Doctorluka commented 3 months ago

This looks like a bug caused by scanpy. You can run the following code before ov.single.cosg:

import numpy as np
vessel.uns['log1p']['base'] = np.e

and then run the ov.single.cosg like:

sc.tl.dendrogram(vessel, groupby='celltype',use_rep='X_scANVI')
sc.tl.rank_genes_groups(vessel, groupby='celltype', 
                        method='wilcoxon',use_rep='X_scANVI',)
ov.single.cosg(vessel, key_added='celltype_cosg', groupby='celltype')
Starlitnightly commented 2 months ago

This looks like a bug caused by scanpy.

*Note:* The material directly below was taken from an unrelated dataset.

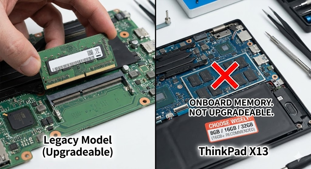 かつてのX200番台(X270等)まではメモリ交換が可能でしたが、X13シリーズは全世代でメモリがオンボード(基盤直付け)です。

You can run the following code before ov.single.cosg:

import numpy as np
vessel.uns['log1p']['base'] = np.e

and then run the ov.single.cosg like:

sc.tl.dendrogram(vessel, groupby='celltype',use_rep='X_scANVI')
sc.tl.rank_genes_groups(vessel, groupby='celltype', 
                        method='wilcoxon',use_rep='X_scANVI',)
ov.single.cosg(vessel, key_added='celltype_cosg', groupby='celltype')

maybe vessel.uns['log1p']['base'] set to None is better.